I do agree and this was also one of my thoughts but I did not explicitly mention it due to the following reason:
You have to consider that due to the interaction between Glance and Barbican in terms of secret deletion on image deletion (like already implemented for Cinder-originated LUKS images) and secret consumer registration, Glance already has the Barbican secret ID (part of image metadata) and access to it (by inheriting the user's token RBAC during the requests). Hence, even if Glance decides not to decrypt the image at all, it still has the means to. In other words: compromising a Glance node still gives you all you need.
that is true but just because it coudl use its privlage access to retrive the secret does nto mean it shoudl that would turn a possible breach of confidentiality to a realized one. the only way to really ensure that the infra cant decrypt your data is via doing encyption in the guest not the host
If we decide not to decrypt it in Glance for image verification, at least it will not be lying around in unencrypted form directly on disk or RAM at any given time but that's just a small comfort given the bigger context. You still have to trust both Glance nodes as well as Nova comute nodes, even if it only effectively gets decrypted on the latter.
it effectively is only decrypted by qemu today never at rest so even on the compute it would still be encypted. we do have to make a choice here on where we are drawing the line on security. nova can never trust glance to have fully veted the image even with the galnce as a defender feature so nova has to do some level of protection on its send but if we can force qemu to treat luks encrypted raw images as raw by hardcoding that in the xml that mitigates the security impact. if we cant do that then thise does not matter as all the attacker need to do is dd a qcow over the disk and reboot.
for luks in qcow with an embedded luks partition then we shoudl aslo assert the qcow headers and ensure that non of the problematic feature like datafile or backing file fail the saftey check but again we should not be decrypting the content of the image.
for qcow in luks that should not be supported.
if it was supported that would only be reasonable if the disk type was luks but then qemu should really reject that because we should be explicitly telling qemu that the file is in raw format in this case not qcow. i don't think we can really protect form this by default but i we can mitigate this in 2 ways.
one glance has a list of supported image type, admin can remove luks form that list.
nova could/should have a similar list fo image type each compute node will allow to be used. that can simiarly allow use to reject luks images
finally we coudl also have a polciy rule for luks image in nova/glance that default to member but could be restricted by an operator
that would allow them to restrict it to the service role so that luks image could only be created and uploaded by nova or cinder not an end user.

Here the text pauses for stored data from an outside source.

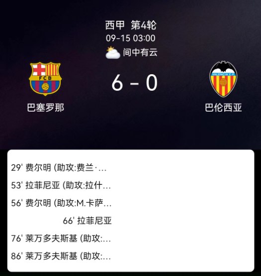 北京时间9月26日西班牙足球甲级联赛(西甲)第6轮,皇家奥维耶多主场对阵巴塞罗那(巴萨)。上半场巴萨因门将失误先失一球,下半场连入三球完成逆转,最终比分,皇家奥维耶多1-3巴塞罗那(巴萨)。关键事件第34分钟(…
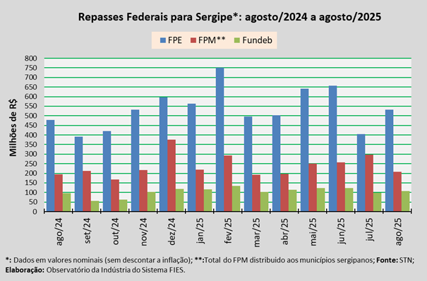 Análise realizada pelo Observatório da Indústria do Sistema FIES, com base nos dados da Secretaria do Tesouro Nacional (STN), indicou que o repasse do Fundo de Participação dos Estados (FPE) para Sergipe, em agosto do ano corrente, foi de aproximadamente R$ 532,8 milhões.
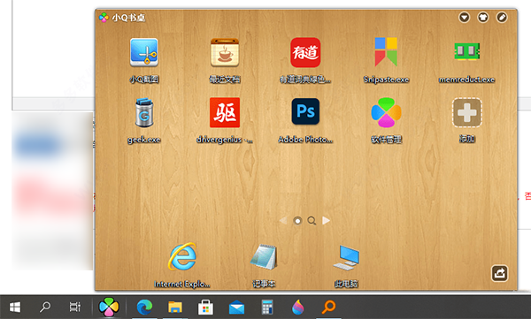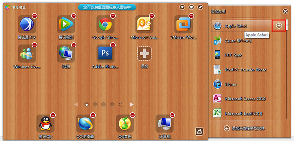 删除:将“小Q书桌”操作界面中已有的图标拖出到桌面上,表示不再受管理。
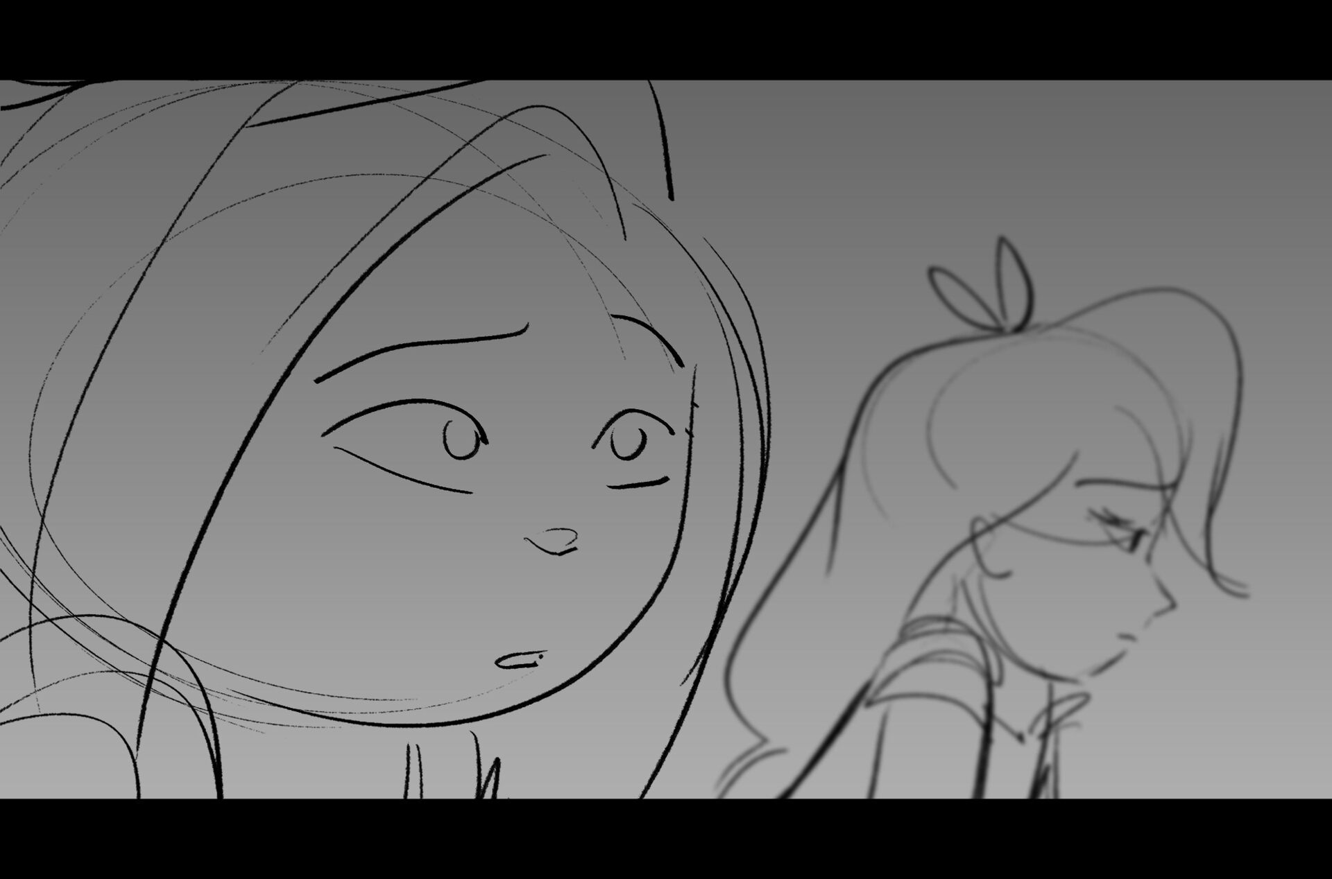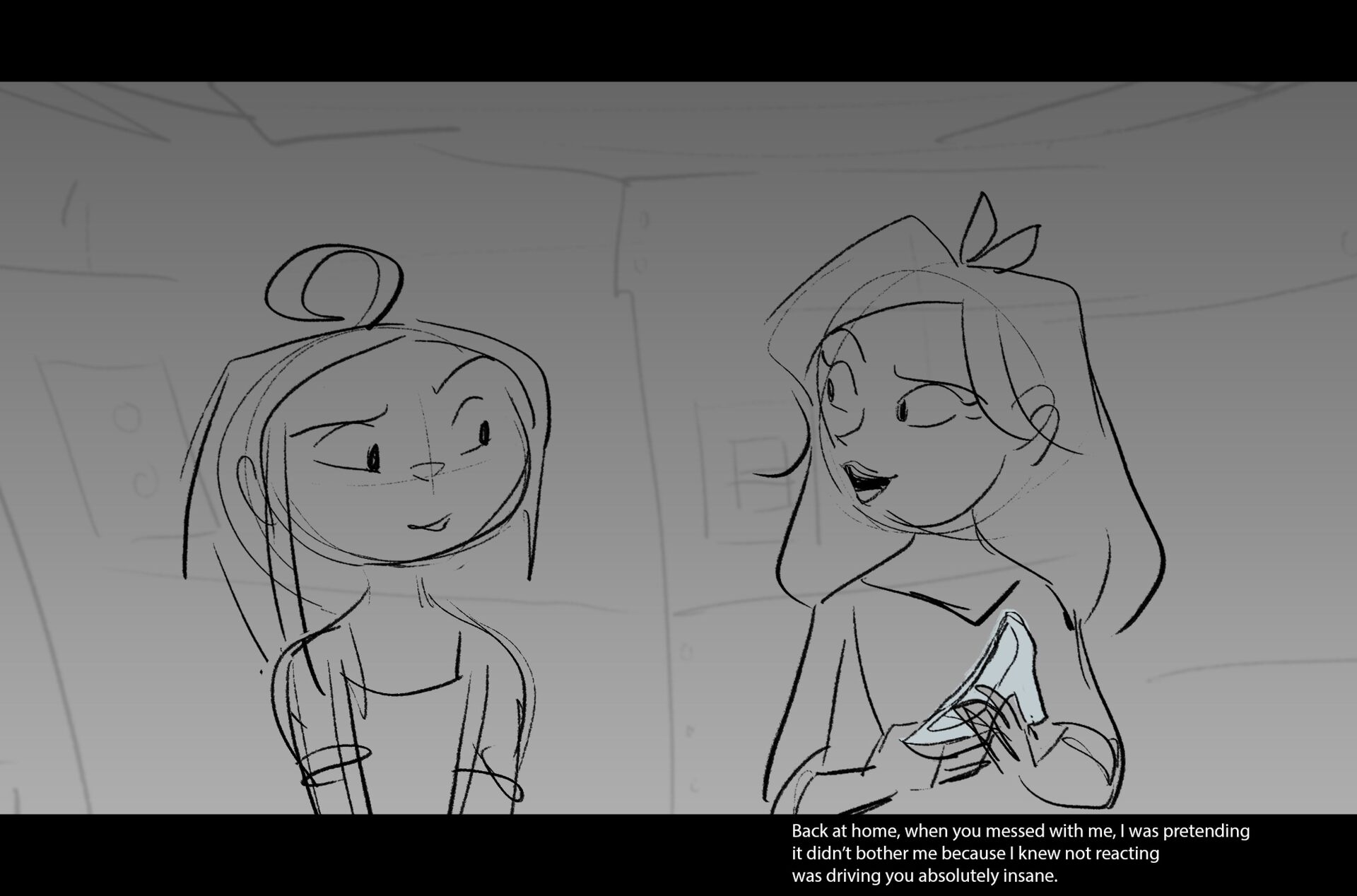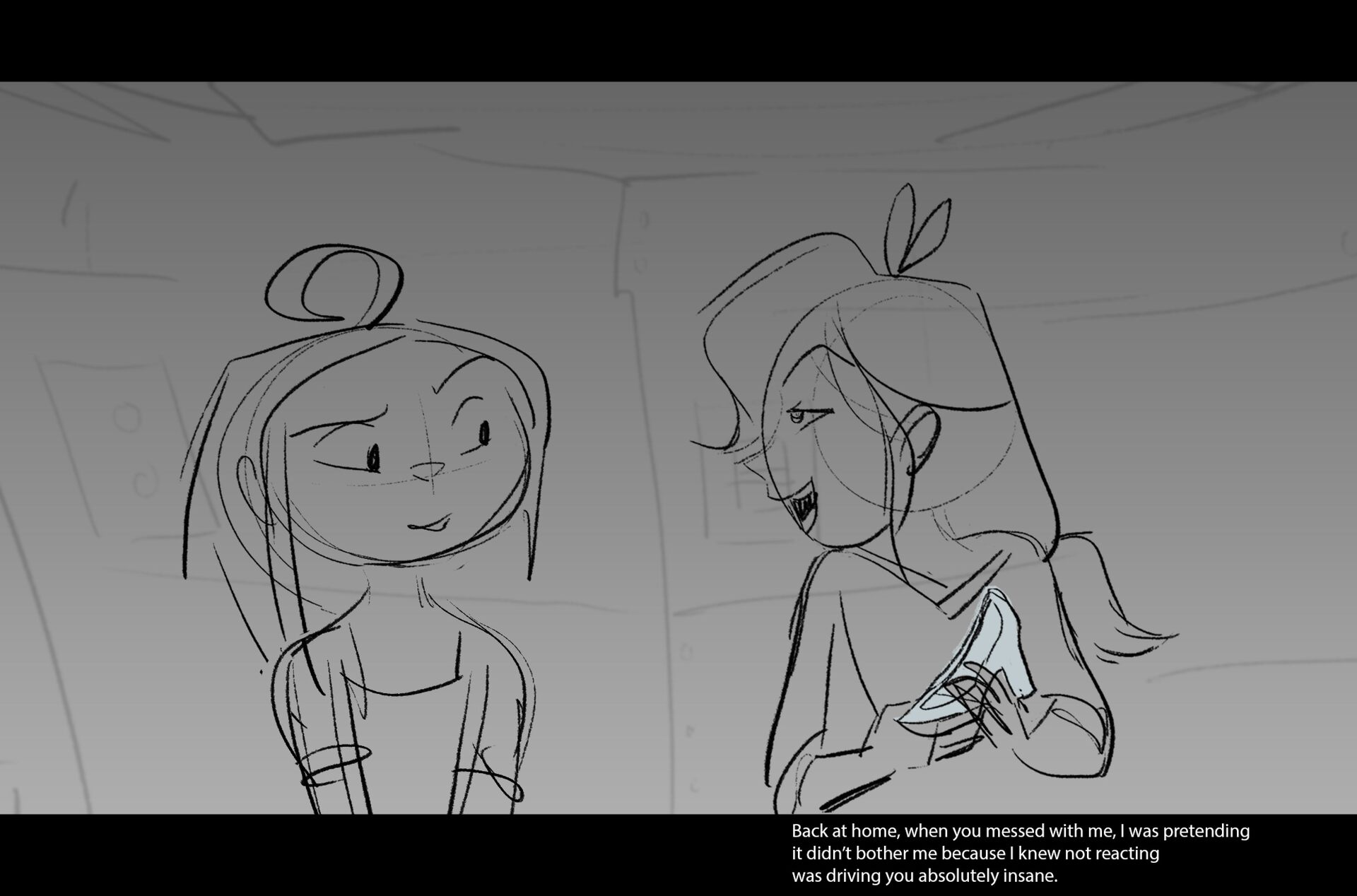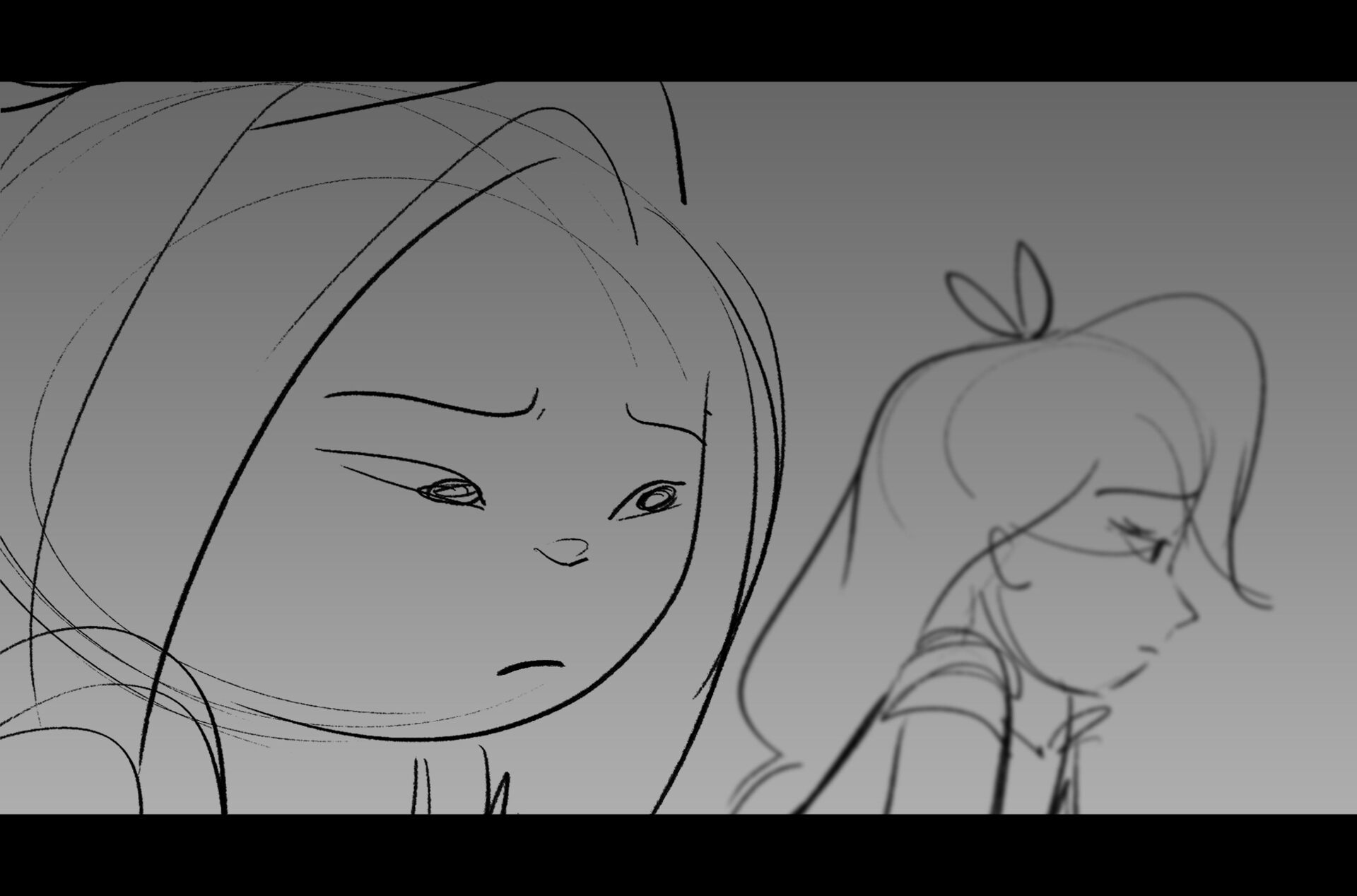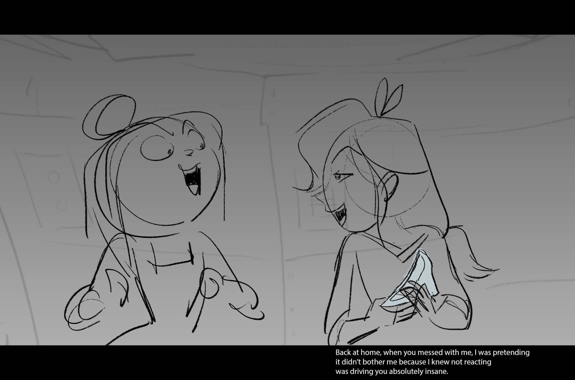 Drama/acting: A sequence I storyboarded from script pages. Because this scene is preceded by a big action scene with an intense fight between Lilith and Cinderella, I really wanted to slow things down and keep the camera simple for this first moment of real, sincere bonding between the sisters. Property of Netflix Animation Studios, 2024.

this is my preferred way to lock down the ability to create a malicious image by allowing operator to restrict creating luks images to services or admin.
my less preferred option would be to default the new luks policy for nova/glance to requrie the manager or the admin roles.
that woudl require the admin to use custom policy or grant enduse more permission then they likely shoudl have to use this feature. this to me feel like a featur that normal enduser shoudl be able to use out of the box so the default should be `member` IMO
So, if I understand you correctly, we can sufficiently check the qcow2+LUKS format by using the qemu tools to inspect its metadata and but cannot do the same for the raw LUKS format (as it is currently produced by Cinder) because it could contain anything and LUKS isn't able to tell us any details?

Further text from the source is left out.